A CONCISE theory of knowledge, as presented by Steiner, can enable us to make sense of the relations between things and form a comprehensive philosophy of reality:
Positive knowledge is acquired by us through particular cognitions; what the value of our knowledge is, considered as knowledge of reality, we learn through the Theory of Knowledge. By holding fast strictly to this principle, and by employing no particular cognitions in our argumentation, we have transcended all one-sided world-views. One-sidedness, as a rule, results from the fact that the inquiry, instead of concentrating on the process of cognition itself, busies itself about some object of that process. If our arguments are sound, Dogmatism must abandon its “thing-in-itself” as fundamental principle, and Subjective Idealism its “Ego,” for both these owe their determinate natures in their relation to each other first to thinking. (p.167)

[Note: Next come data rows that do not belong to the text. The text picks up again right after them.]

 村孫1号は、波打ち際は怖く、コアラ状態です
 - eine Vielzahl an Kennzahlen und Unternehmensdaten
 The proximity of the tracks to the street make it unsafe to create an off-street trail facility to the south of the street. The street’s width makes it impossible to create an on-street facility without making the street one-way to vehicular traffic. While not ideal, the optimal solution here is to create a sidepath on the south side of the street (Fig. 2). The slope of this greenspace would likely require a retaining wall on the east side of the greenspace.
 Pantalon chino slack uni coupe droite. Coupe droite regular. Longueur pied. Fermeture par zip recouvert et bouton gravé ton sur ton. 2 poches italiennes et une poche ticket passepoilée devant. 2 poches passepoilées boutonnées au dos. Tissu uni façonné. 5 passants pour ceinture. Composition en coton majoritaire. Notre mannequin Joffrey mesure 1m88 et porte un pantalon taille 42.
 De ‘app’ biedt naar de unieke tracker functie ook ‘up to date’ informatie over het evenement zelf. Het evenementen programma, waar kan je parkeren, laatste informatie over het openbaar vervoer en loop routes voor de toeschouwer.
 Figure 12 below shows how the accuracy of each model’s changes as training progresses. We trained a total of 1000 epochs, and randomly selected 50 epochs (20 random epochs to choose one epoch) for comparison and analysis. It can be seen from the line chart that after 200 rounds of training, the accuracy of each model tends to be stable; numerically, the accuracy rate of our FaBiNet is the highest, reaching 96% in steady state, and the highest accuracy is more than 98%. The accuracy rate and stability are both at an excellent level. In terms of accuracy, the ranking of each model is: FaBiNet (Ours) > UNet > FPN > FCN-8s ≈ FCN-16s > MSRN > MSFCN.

This, as one might expect, is a direct reference to both Kant and Fichte.
Interestingly, Steiner cites Alois Emanuel Biedermann (1819-1885) as a prime example of a philosopher whose thought is closest to that of Steiner’s own. A Protestant theologian who joined the Young Hegelians – rubbing shoulders with revolutionaries such as Max Stirner (1806-1856), Karl Marx (1818-1883) and Friedrich Engels (1820-1895) in the process – Biedermann promoted a form of “free Christianity”.

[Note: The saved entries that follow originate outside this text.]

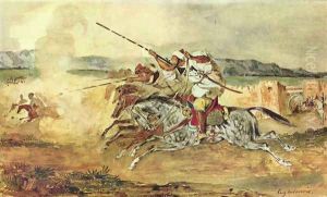 A Turkish Man on a Grey Horse attacking
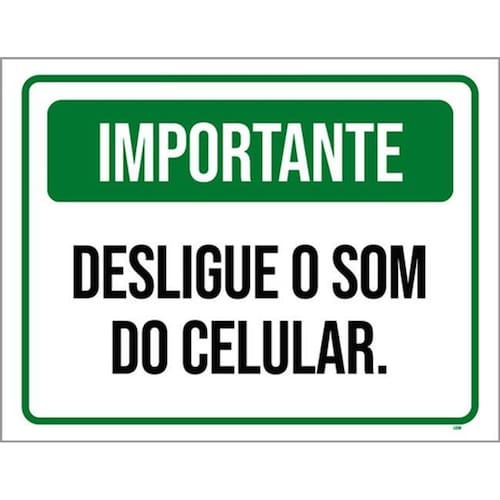 Kit 3 Placas Importante Desligue Som Celular Placas de sinalizaço fabricadas com poliestireno de alto impacto PSAI de 2mm e impressão ultravioleta.
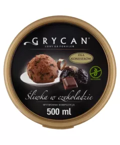 Grycan Lody śliwka w czekoladzie 500 ml Lody Grycan czekoladowe ze śliwkami to przysmak przeznaczony dla koneserów wykwintnych smaków. Tworzone są z naturalnych składników z dbałością o najdrobniejsze szczegóły, w oparciu o tradycyjną recepturę udoskonalaną przez pokolenia rodziny cukierników....
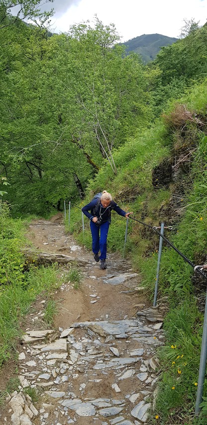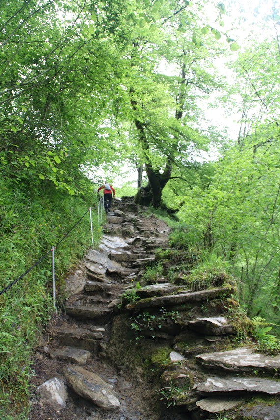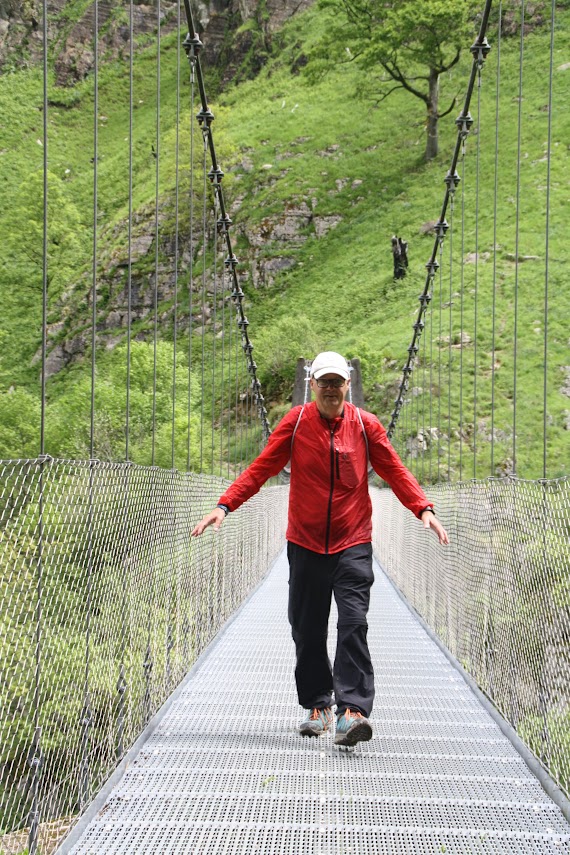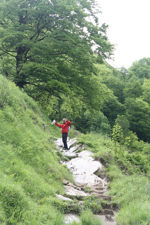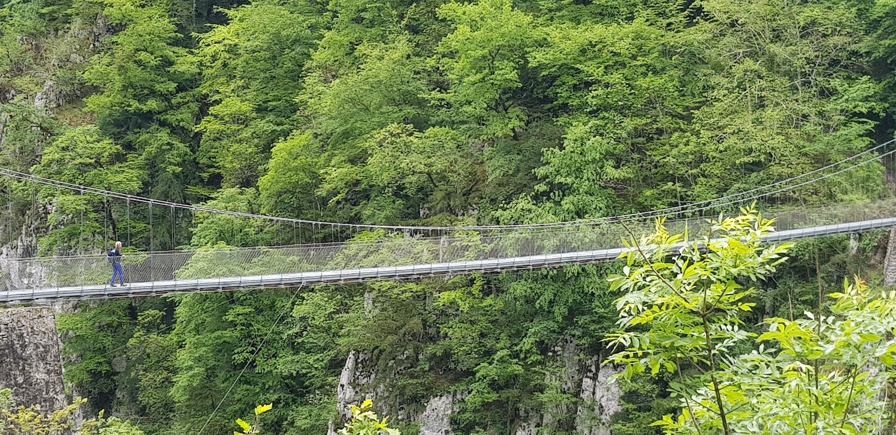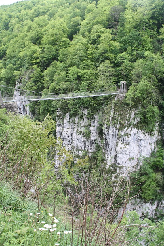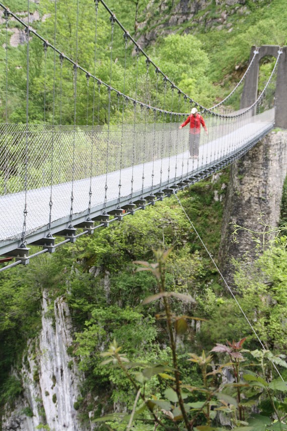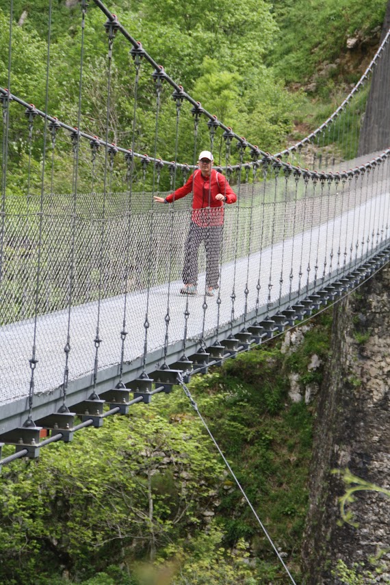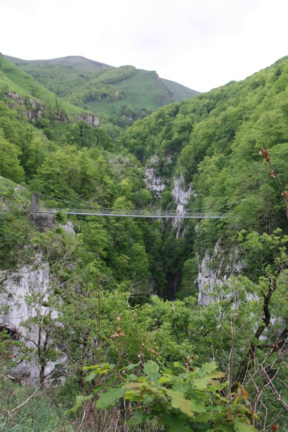 Am nächsten Tag ging es dann auf Wandertour: 20 Kilometer durch wunderschöne Natur. Die Wanderung wurde als schwierig beschrieben, was wir aufgrund unserer bisherigen Wandererfahrungen allerdings nicht so ernst nahmen. Aber sie entpuppte sich tatsächlich als äußerst anspruchsvoll. Der Weg führte zunächst auf einem steilen Anstieg zu einer Hängebrücke, der Holzarte Zubia, die 180 m über eine Schlucht gespannt ist. Dort hinüber zu gehen erforderte tatsächlich Mut, denn beim Betreten der Brücke gerät sie ordentlich ins Wanken. Ich hatte größten Respekt und habe es auch nur geschafft, weil ich weder nach rechts noch links gesehen habe. Auch Matthes verspürte nach eigenen Angaben ein starkes Kribbeln im Bauch und leichtes Unwohlsein. Danach ging es oberhalb des Tals weiter mit wunderschönen Ausblicken und tollen Wasserfällen. Zwischendurch wurden wir leider auch von oben nass, aber der Regen zog schnell wieder vorbei. Nach ca. 6 Stunden erreichten wir wieder unseren Campingplatz. Wir waren ziemlich k.o. und zu allem Übel hatte sich Matthes auch noch eine Blase gelaufen. Aber wozu gibt es Blasenpflaster :) Der Tag war anstrengend, aber wunderschön. Der nochmalige Abstecher nach Frankreich hat sich wirklich gelohnt und das nicht nur wegen des Baguettes!
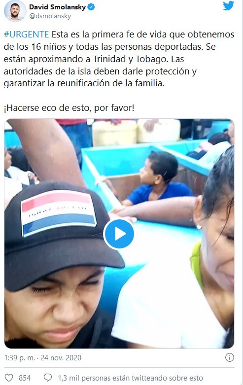 David Smolansky diriente opositor, a través de sus redes sociales difundió las pruebas de fe de vida de los niños, adolescentes y adultos venezolanos deportados de Trinidad y Tobago, y que este martes fueron retornados a la isla.
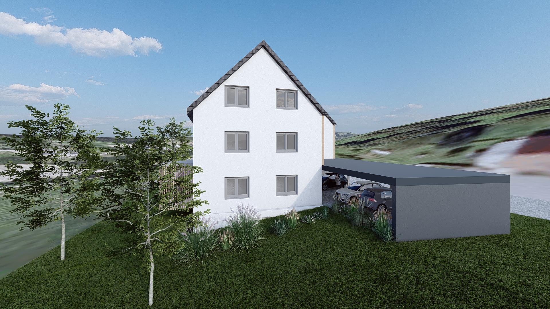 Das Haus ist vollständig unterkellert. Jeder Wohneinheit ist ein eigenes Kellerabteil mit ca. 25 m² zugeordnet. Ein überdachtes Carport ist ebenfalls Bestandteil des Projekts.

Despite the similarities between Steiner and his Swiss counterpart, however, the latter made a similar error to Fichte in that he failed to identify cognition as the link between thinking and the “given,” falling into the trap of confusing the theory of knowledge with metaphysics. Biedermann’s ideas are very similar to those of Steiner, but his methodology is nonetheless open to question:
Hence, we have had no occasion to compare our position directly with his. Biedermann’s aim is to gain an epistemological standpoint with the help of a few metaphysical axioms. Our aim is to reach, through an analysis of the process of cognition, a theory of reality. (p.168)
Without grasping the inner workings of knowledge, we are told, no philosopher worthy of the name has any right to make presumptions about objects, the Self or consciousness.